CNS Infections Flashcards
Acute Bacterial Meningitis - Delayed Treatment
- Meningococcal meningitis: kill in 6-12 hrs, patient may deteriorate in ER while undergoing diagnostic testing
- treat empirically & as soon as you suspect diagnosis
Acute Bacterial Meningitis - Pathogenesis
- blood born (bacteremia, sepsis)
- nearby infection (sinusitis, ear infection)
- CSF communication with outside (cranial trauma, neurosurgical procedure, myelomeningocele, spinal dermal sinus)
Acute Bacterial Meningitis - Pathophysiology
- bacterial surface (capsule, pili) penetrate endothelial cells & cross BBB
- meningeal inflammation
- vasculitis
- thrombophlebitis
- brain ischemia, infarction, & edema
- raised intracranial pressure
- brain herniation
- cardiovascular collapse
Exudative (Pus) Meningitis
- it’s not the pathogen that causes the CNS damage
- meningeal inflammation is responsible
- abx - lyse bacteria - wall fragments - cytokines interleukins, & inflammatory cascade - vasculitis & thrombophiebitis
-Dexamethasone inhibits inflammatory cascade & reduces CNS damage
Causes of Meningitis: Community Acquired
- streptococcus pneumoniae (pneumococcus)
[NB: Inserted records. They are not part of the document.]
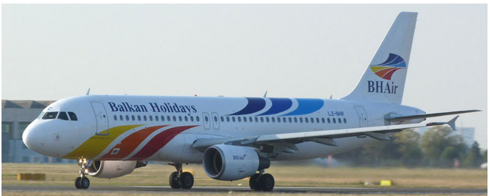
LZ-BHF Airbus A.320 of BH Air at Doncaster, 09/06/11(Clive Featherstone)
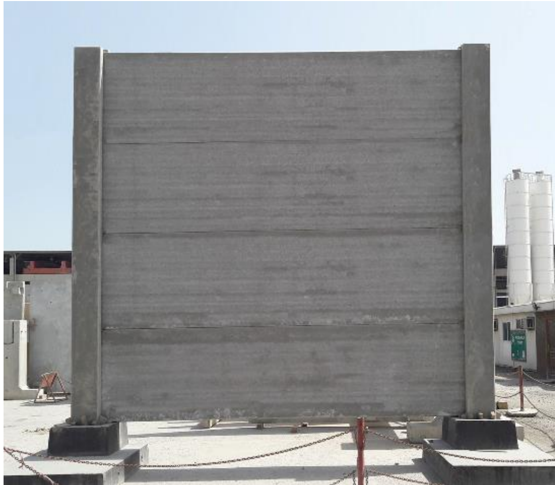
4 slab high wall
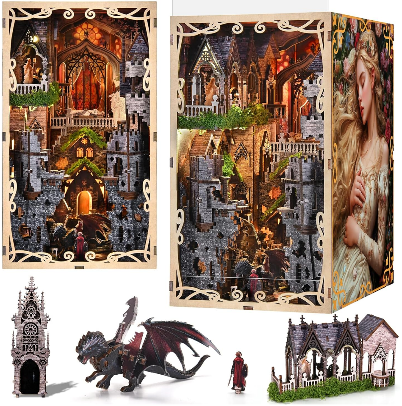
Figure 1: Fully assembled Sleeping Beauty Book Nook Kit.
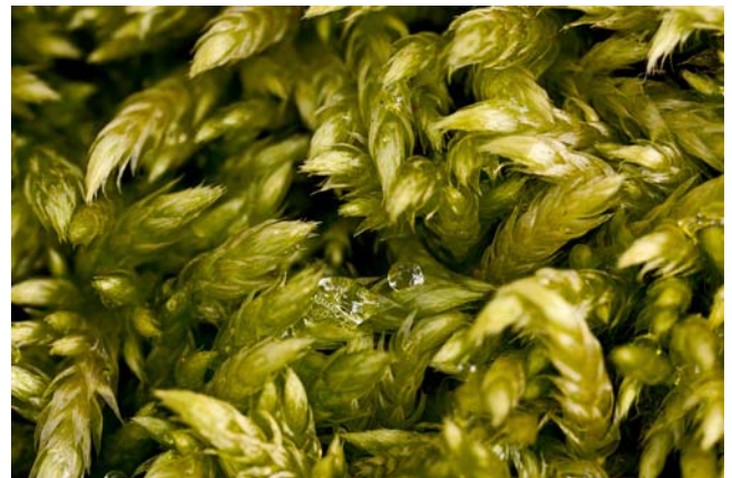
Figure 67. Brachythecium laetum , an epiphytic moss that was ignored when the Carolina Chickadee built its nest.
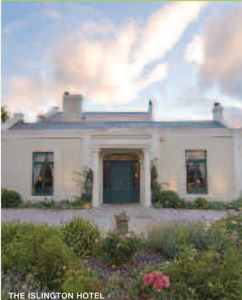
THE ISLINGTON HOTEL

Enjoy a four night break discovering the very best of Tasmania. Stay at The Islington Hobart for two nights of splendour. Wake up to a gourmet breakfast in the Conservatory and spend time in Hobart exploring the many galleries and boutiques or visit a local winery. On one evening enjoy the culinary delights of the Islington's resident chef.
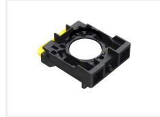
Accessory, Coupling (required)
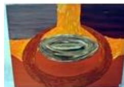
307. Anthony O'Brien 'Energy Flow' oil on board 60 x 80cm signed
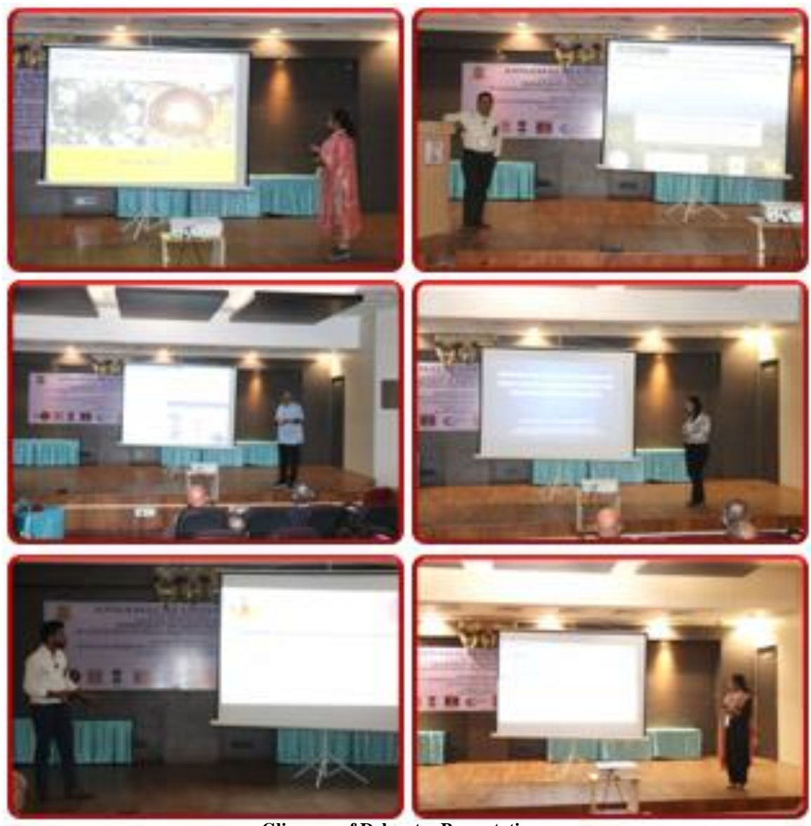
Glimpses of Delegates Presentation
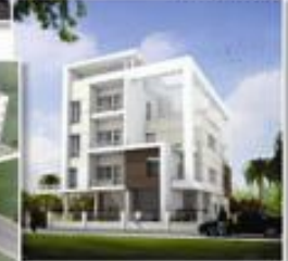
Lotus Nilaya, Amaravati
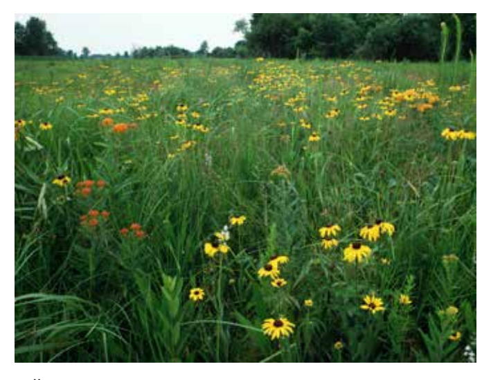
Tallgrass prairie.
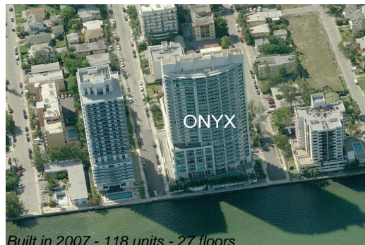
Built in 2007 - 118 units - 27 floors
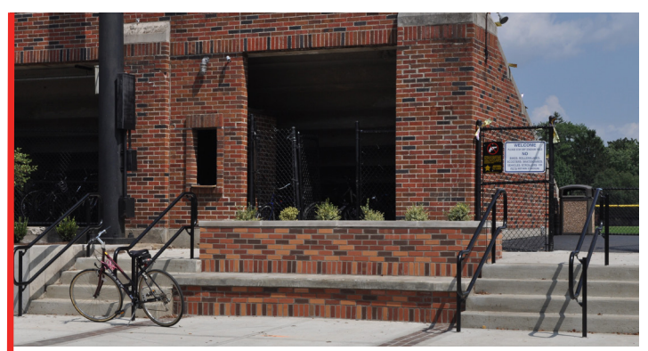
AFTER PHOTO WITH NEW PLANTER BOX AND STAIR SETS

The school's exterior improvement scope included: the installation of two new stair sets with handrails (one with bike ramp) and planter bed with seat wall.
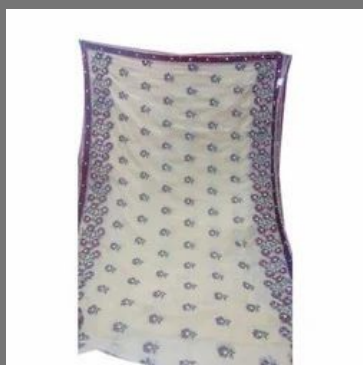
Kolkata Embroidered Sarees
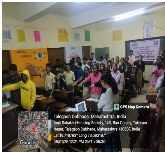
Oath taken from the students
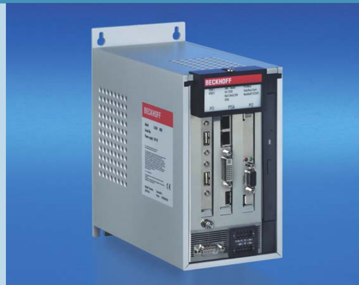
Beckhoff C6330 PCs as hardware platform for TwinCAT automation software.

Having abandoned PLCs in favor of PC-based control over seven years ago, Semicore has the experience to quickly recognize the quality industrial PC systems from the pretenders. The older PC-based Semicore systems used software coded in Flow Chart for control and in Visual Basic (VB) for Human Machine Interface (HMI). It was becoming apparent that the software platform Semicore once used was being treated as a legacy product by their vendor with little true advancement on the horizon. The software was also a substantial drain on CPU performance, causing maxed out PC processors with the inability to run other applications quickly or smoothly.
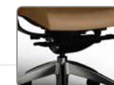
X2 11 POSITION MULTI-LOCK SYNCHRO-TILT PADDLE CONTROL
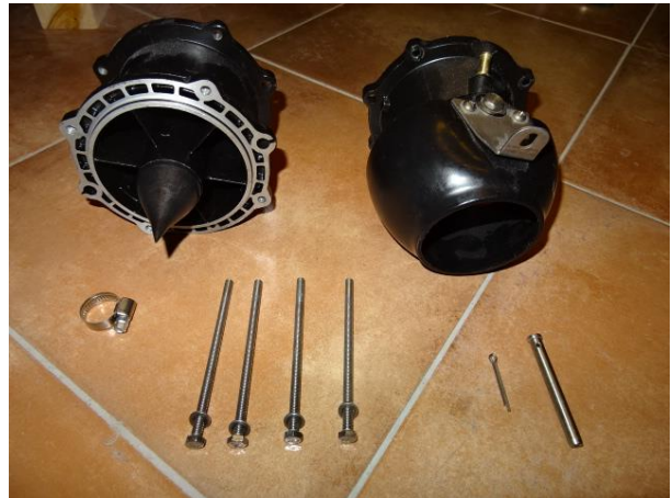
Unscrew plastic cone. If you are strong, by hand or with some big pliers. Don't squeeze plastic cone. Remove rubber seal.
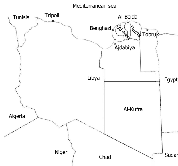
Figure 1 Map of Libya highlighting the districts that were studied and included in the eastern Libya cancer pool.

The study was approved by the Biomedical Ethics Committee at the Libyan International Medical University. All
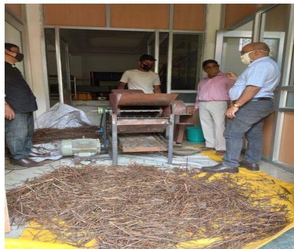
Glimpses from the PG research carried out by students
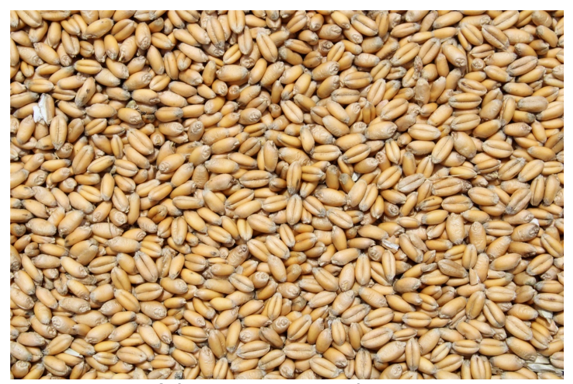
Figure 3: Soft red winter wheat grain following harvest
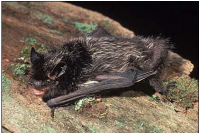
Migratory tree-roosting bats including hoary bats, eastern red bats, and silver-haired bats (shown above) make up a large proportion of the bats killed by wind turbines but are not protected under Federal law.

Studies of bat fatalities have shown that turbines have been consistently associated with fatalities of some species of bats in many different areas of the continent. Specifically, migratory tree-roosting bats including hoary bats ( Lasiurus cinereus ), eastern red bats ( L. borealis ), and silver-haired bats ( Lasionycteris noctivagans ) make up a large proportion of the bats killed. These species are not protected by
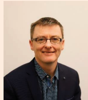
David Cullinane TD Sinn Féin
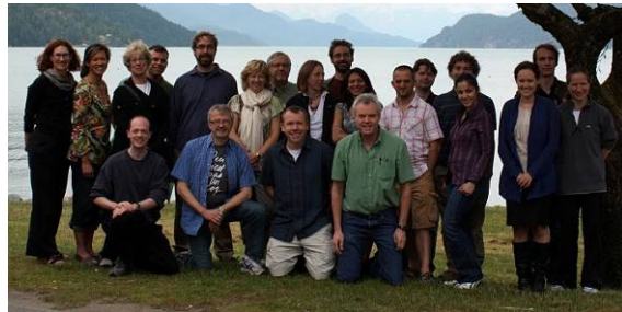
June 2011: Research retreat at Harrison Hot Springs resort
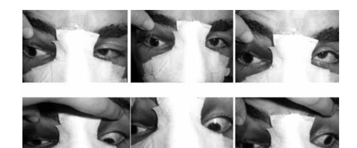
Figure 4. Case 2, adduction was limited about 15 degrees temporal to midline. There was a 45 PD exotropia in the primary position, increasing to 90 PD on left gaze and decreasing to 14 PD on right gaze without proptosis. Forced duction test was negative
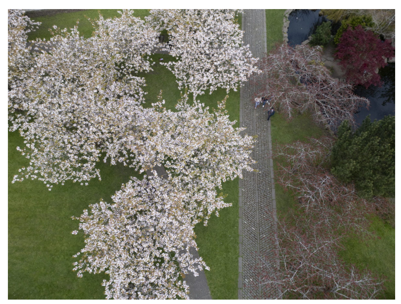
18/4/2024 Lauriston Castle Edinburgh Japan Sakura Festival.
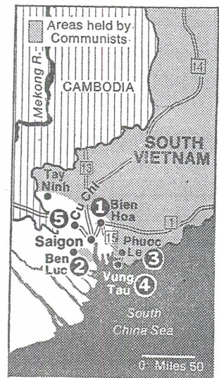
The New York Times/April 28, 1975

In Saigon (larger map) a slum around national police headquarters was hit hardest by rockets. Another rocket demolished top floor of Majestic Hotel. Many foreigners are housed in hotels along Tu Do Street. In other areas (smaller map), Communist forces drove to Bien Hoa (1) in the northeast and to Ben Luc (2) to the southwest, coming within 12 miles of the capital. Later they invaded Phuoc Le (3) and thus cut off the port of Vung Tau (4) from Saigon. Route 1 was reported cut at Cu Chi (5).
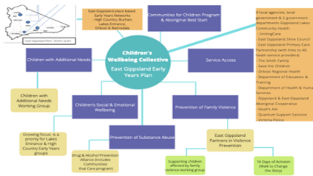
Diagram 1: Children with Additional Needs Working Group and its relationship to the Children's Wellbeing Collective (CWC).

The CWANWG identifies issues for children with additional needs and their families and how improvements can be made.
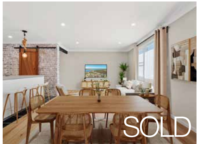
7/92 JERRY BAILEY ROAD, SHOALHAVEN HEADS SOLD FOR $715,000
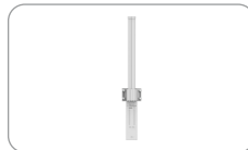
Part Code: RG-ANT13-360 Reyee RG-ANT13-360 Omnidirectional External Antenna 5 GHz 2 km
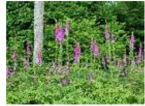
Photo 3 is a photography for fun group, we meet twice a month on the 2 nd and 4 th Tuesday afternoons. Going out to take photos on one meeting and reviewing the photos at the next meeting.
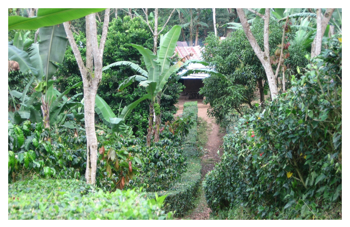
A farm in Waslala, Nicaragua supporting a wide variety of productive species which includes citrus, banana, mango, cacao, coffee as well as laurel tree for timber and Inga for firewood. Such complex agro-ecosystems deliver services like pollination and natural pest control.

IPM is an ecosystem approach to crop production and protection that combines different management strategies and practices to grow healthy crops and minimize the use of pesticides. It is defined by the Food and Agriculture Organization (FAO) as "the careful consideration of all available pest control techniques and subsequent integration of appropriate measures that discourage the development of pest populations and keep pesticides and other interventions to levels that are economically justified and reduce or minimize risks to human health and the environment."<sup>7</sup>
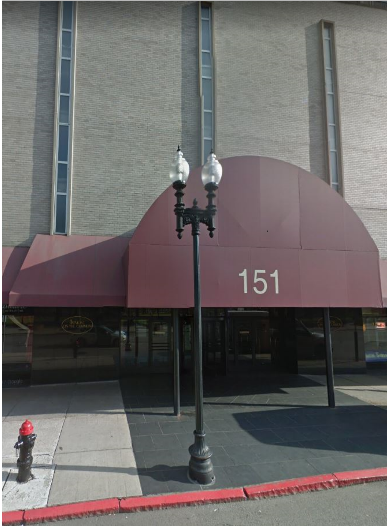
EXISTING PHOTOGRAPHIC VIEW

DRAFTER: SCALE: NTS ISSUE DATE: NODE NAME: SHEET #: 2 OF 2
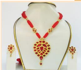
Dugdugi (Traditional motif)
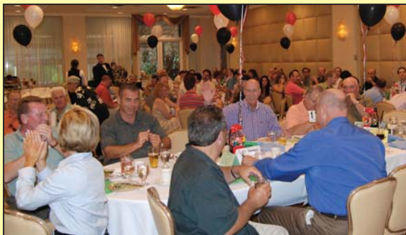
Full house at the 25th Annual Golf and Tennis Dinner gathering
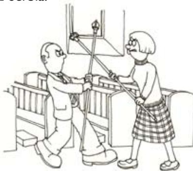
In a tradition dating back to 1977, the churchwardens re-enacted "Star Wars"

In Europe, Christian Aid's partners in the ACT Alliance, a global coalition of more than 130 churches and church-related organisations that work together in humanitarian assistance, are providing emergency relief in Greece and Serbia.
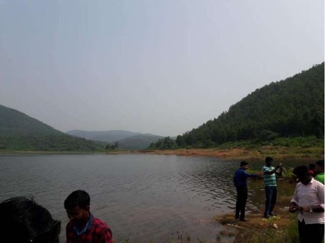
Splendid Burudi Lake Surrounded by the beautiful Dalma Hills
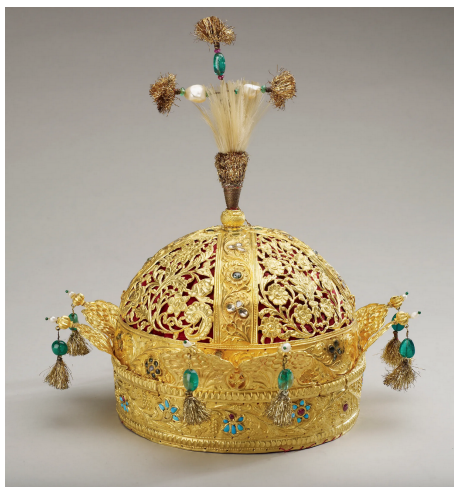
Crown of the Emperor Bahadur Shah II, (mid 19th c), on loan from the Royal Collection Trust.

- neisseria meningitidis (meningococcus)
Causes of Meningitis: Neonates
- Group B Strep
- E. coli
- Listeria
Causes of Meningitis: Immune Suppressed, Pregnancy, Elderly
-Listeria monocytogenes
Causes of Meningitis: Trauma, post-neurosurgical
- Straphylococcus aures
- Gram neg (E. coli)
- Pneumococcus
Meningococcal Meningitis
- colonizes nasopharynx in 5% “normal” pop.
- spread by respiratory droplets, close contact
- epidemics in military, boarding schools, (3 ft rule)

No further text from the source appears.